_What the task requires_
Since the listing below shows pictures, leave them out and write out exactly the lines from the line with "器用な利用者さんが、自主的に" to the line with "A painting of", both included, and no others.
-- -- --
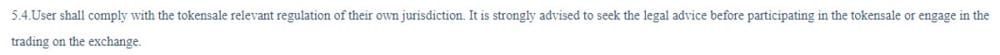 L’utilisateur doit se conformer aux règles de vente de jetons dans sa juridiction. Il est fortement recommandé de consulter un avocat avant de participer à des ventes de jetons ou de négocier sur la bourse.
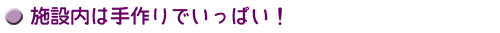 器用な利用者さんが、自主的につくってくれるので、施設内はいつの間にか手作り品でいっぱい。
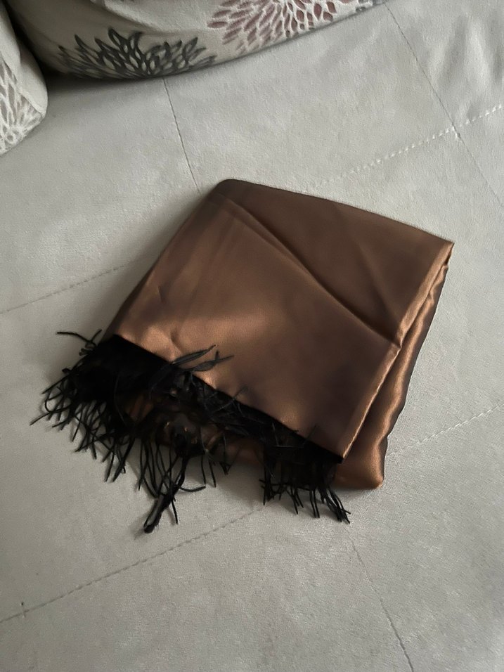 Koyu kahverengi, ipek görünümlü dokusu ve püsküllü uçlarıyla rahat bohem tarzı kadın şal.
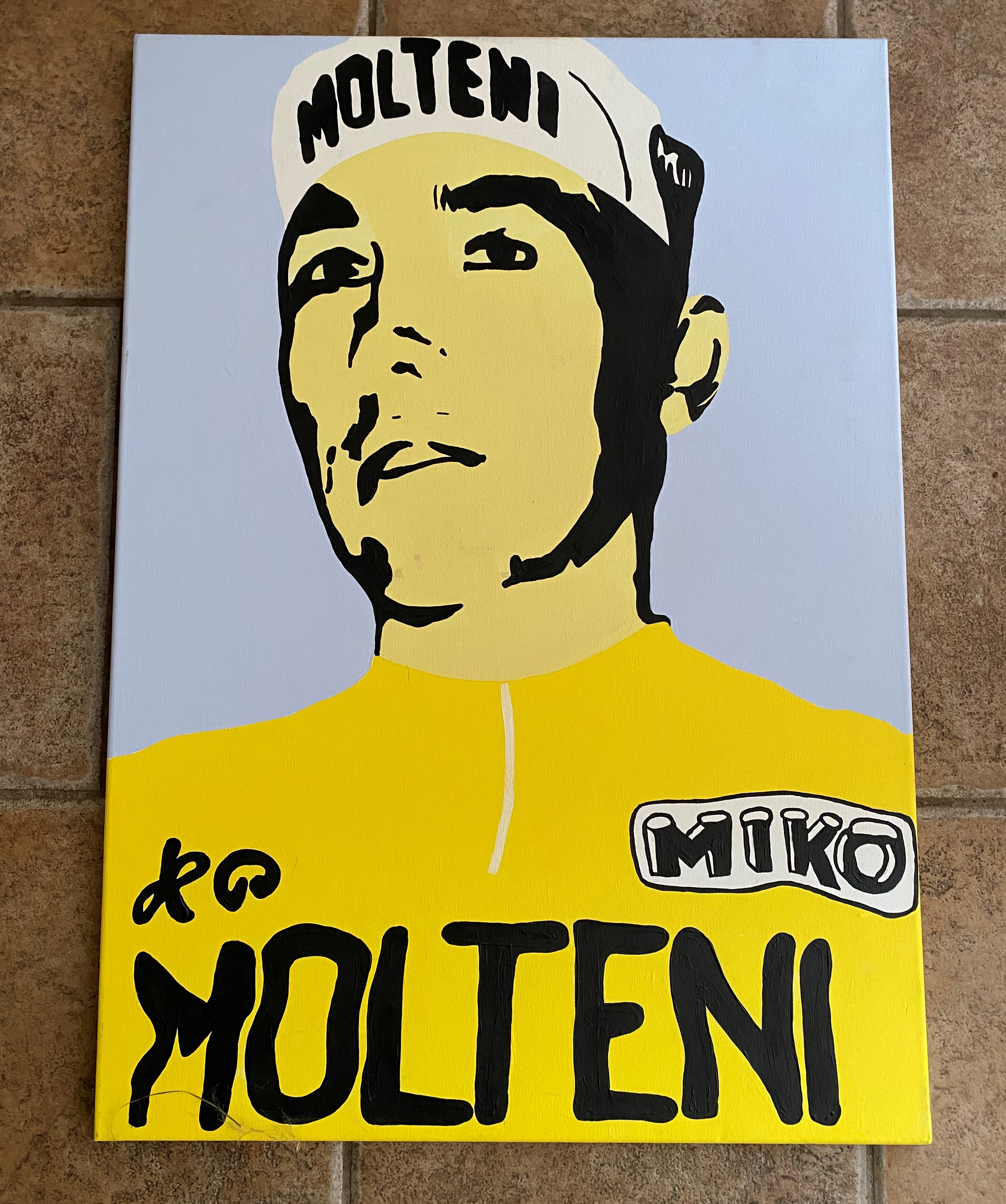 A painting of Eddy Merckx on canvas, signed by the artist. Merckx and the yellow jersey of the Tour de France are synonymous, the great Belgian having worn it for more often than any other cyclist in history. This would look magnificent hung on any wall.
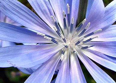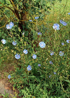 common chicory Cichorium intybus Korbblütler Asteraceae Blühend gefunden von Juli bis Oktober Bis ca. 95 cm hoch Am Wegrand und auf Schutt- und Ödflächen, aber auch auf saftigeren Böden wie Weiden gefunden Die Wegwarte hat außer der gezeigten Wildart noch 2 andere Unterarten, so die Kaffeezichorie und unseren Chicoree, der als Salat auch heute beliebt ist Altes Heilmittel, früher gegen fast alles empfohlen, es lässt sich kaum alles aufzählen Die Blüten sind nachts geschlossen und folgen tagsüber dem Lauf der Sonne (Heliotropismus) |
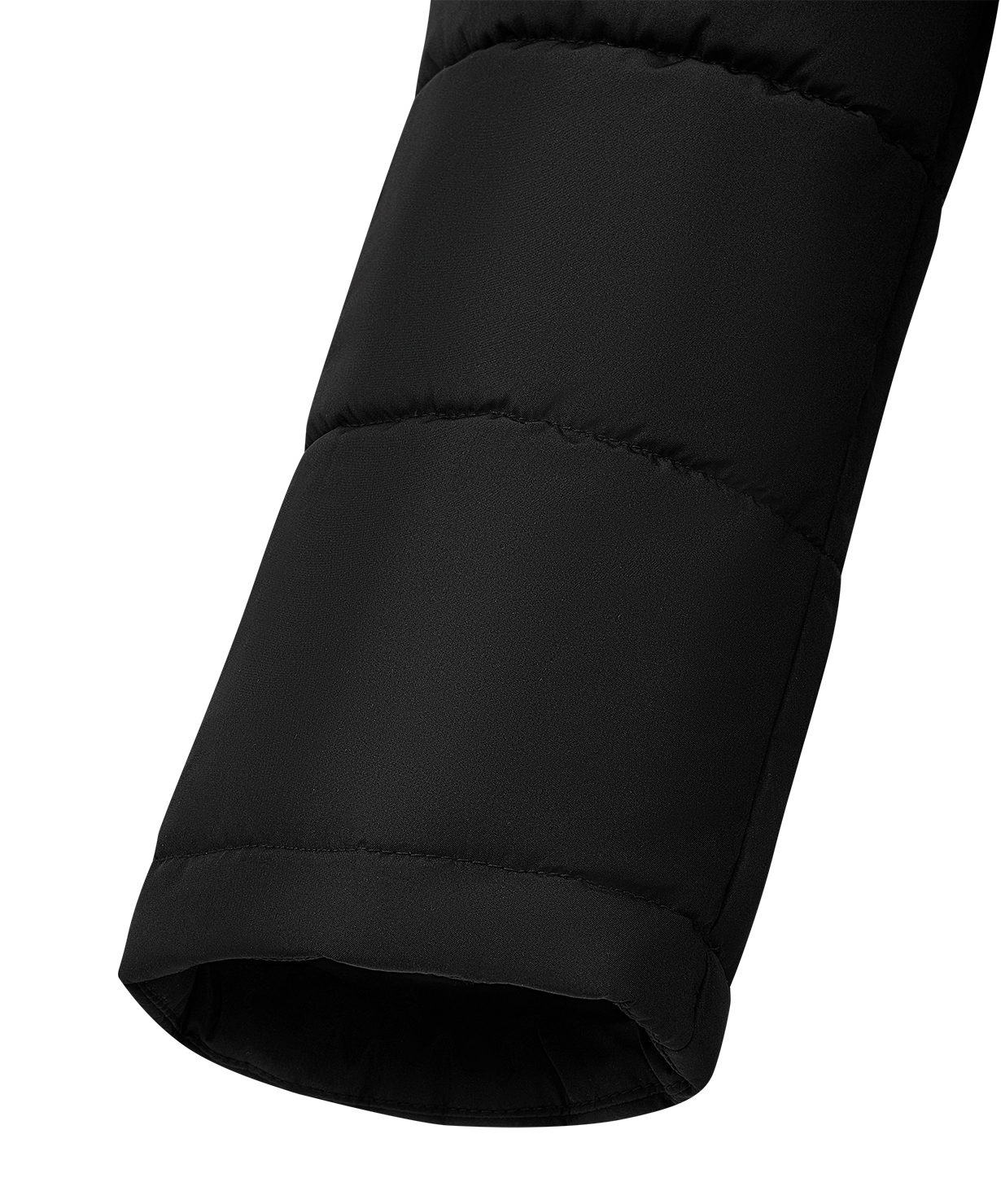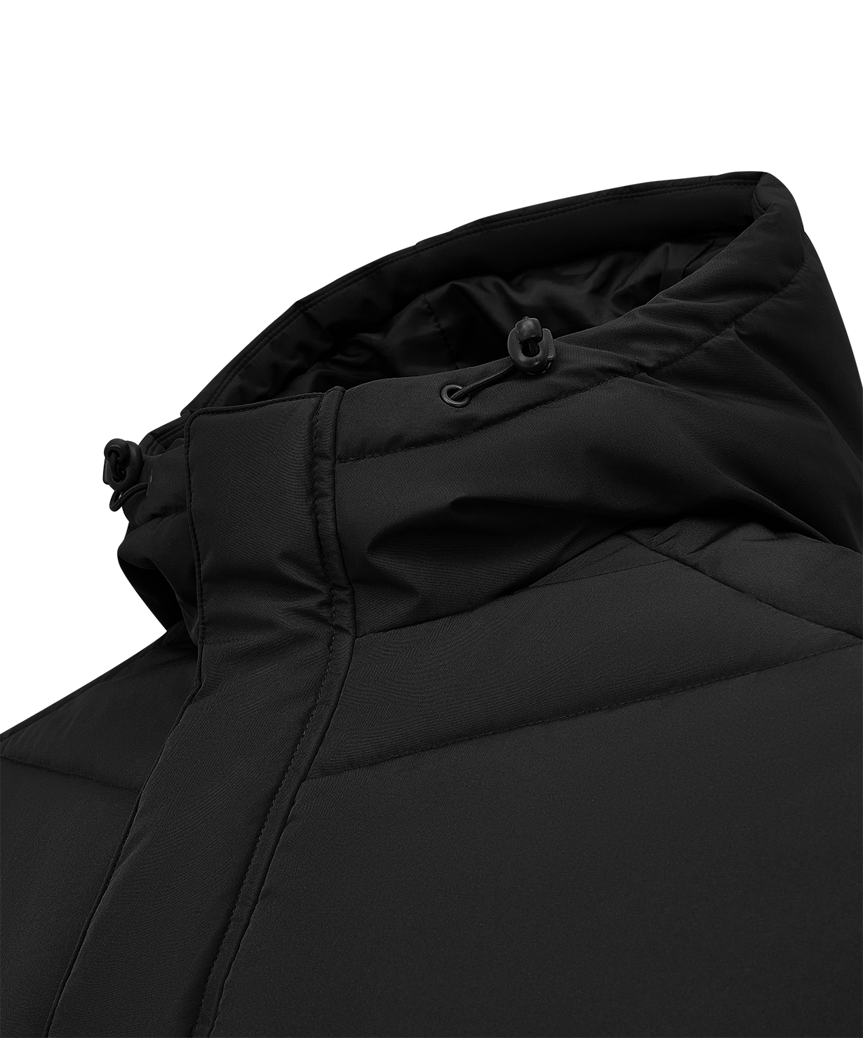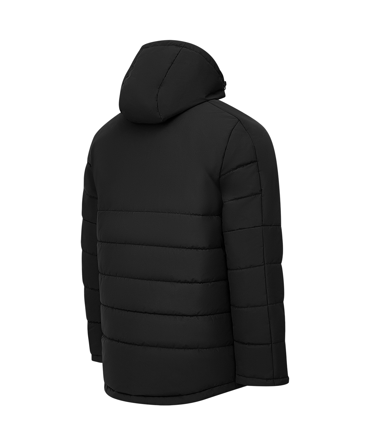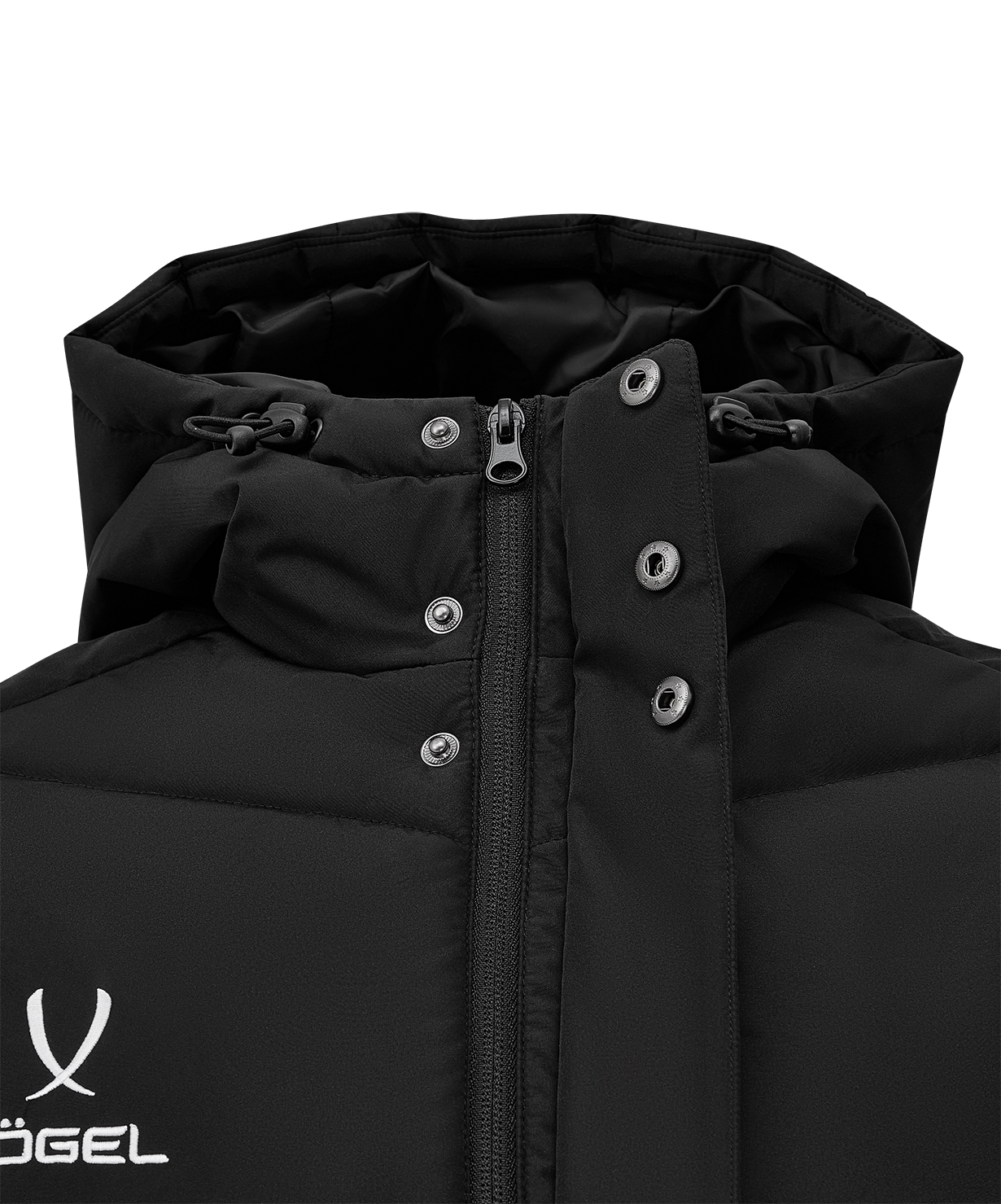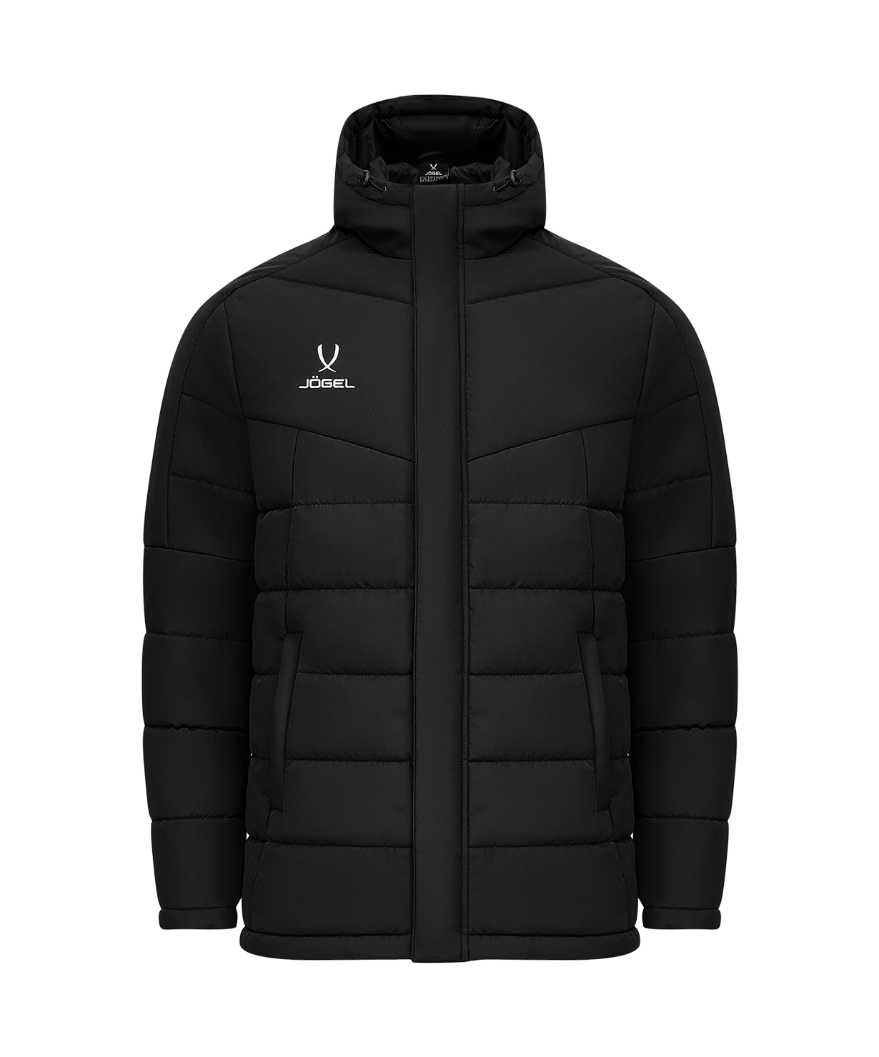 Куртка утепленная Jögel CAMP 2 PerFormPROOF Padded Jacket – удобная модель средней длины. Материал верха с влагоотталкивающей пропиткой Ball Effect имеет высокую плотность переплетения, что не только защищает от промокания, но и обеспечивает отличную износостойкость. Трехслойный синтетический утеплитель с разной плотностью (180 г на теле, 150 г на рукавах и 120 г на капюшоне) эффективно сохраняет тепло, при этом обладает малым весом и быстро отводит влагу. Модель дополнена функцией PerFormPROOF.\nPadded Jacket отлично подходит для носки при температуре до -15⁰ C (в зависимости от влажности и уровня активности), делая ее идеальным выбором для тренировок, прогулок или повседневного использования в прохладную погоду. Объемный капюшон с регулировкой и передняя молния с внешней ветрозащитной планкой на кнопках обеспечивают дополнительную защиту от ветра и холода. Боковые карманы на молниях и внутренний карман на молнии предлагают удобное хранение мелочей при активном образе жизни.\nPerFormPROOF - технология пропитки материалов Jögel, обеспечивающая спортсменам защиту от дождя и ветра во время плохих погодных условий.\nПреимущества:\nФункция PerFormPROOF;\nВодоотталкивающая пропитка Ball Effect;\nЭффективное сохранение тепла;\nДополнительная защита от ветра;\nКарманы на молнии.\nХарактеристики:\nСостав: основной материал: 100% полиэстер, подкладка: 100% полиэстер, утеплитель: 100% полиэстер\nРазмерный ряд: YS, YM, YL, XS, S, M, L, XL, XXL, XXXL\nЦвет: черный\nВид упаковки: пакет с клапан скотчем, картонной этикеткой и стикером\nСтрана производства: Китай
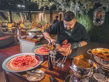 Com anos de dedicação, Vitor Gimenez domina a arte do corte de jamón, trazendo tradição e elegância para cada evento.
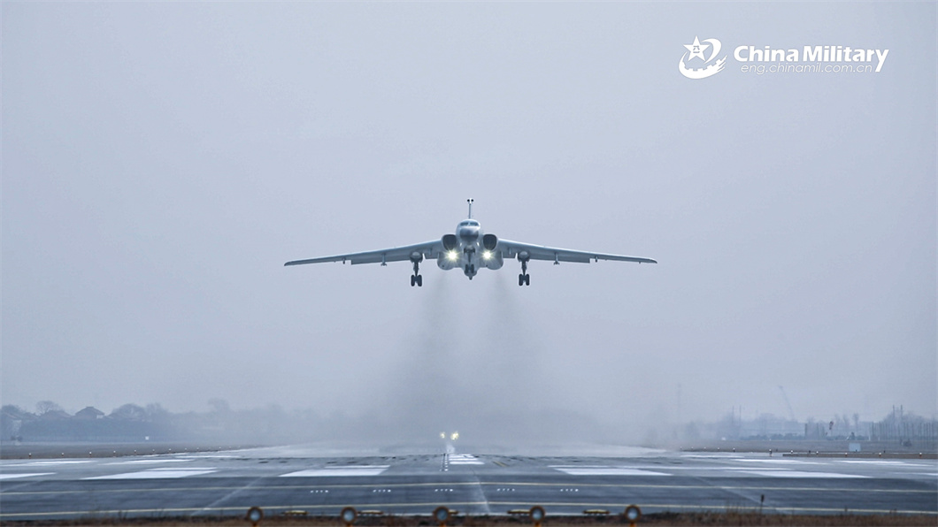 An H-6 bomber attached to an aviation regiment with the air force under PLA Central Military Command takes off during a round-the-clock penetrating strike training exercise. The exercise was held recently under complex weather conditions to temper the troops' combat capability. (eng.chinamil.com.cn/Photo by Yang-Tian Xingyu)
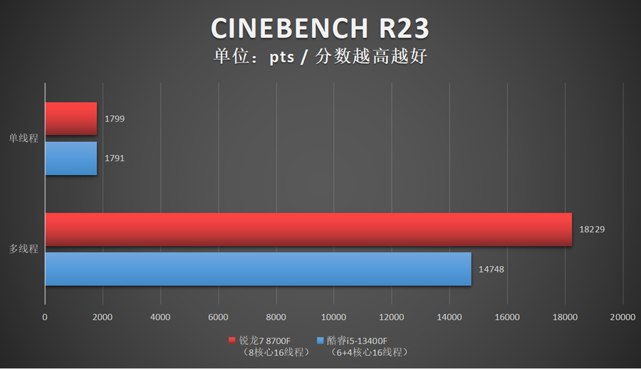 但是在多核心性能方面,别看酷睿i5-13400F核心数量更多,表现却明显不如锐龙7 8700F。
-- -- --
_Exercise response_
 器用な利用者さんが、自主的につくってくれるので、施設内はいつの間にか手作り品でいっぱい。
 Koyu kahverengi, ipek görünümlü dokusu ve püsküllü uçlarıyla rahat bohem tarzı kadın şal.
 A painting of Eddy Merckx on canvas, signed by the artist. Merckx and the yellow jersey of the Tour de France are synonymous, the great Belgian having worn it for more often than any other cyclist in history. This would look magnificent hung on any wall.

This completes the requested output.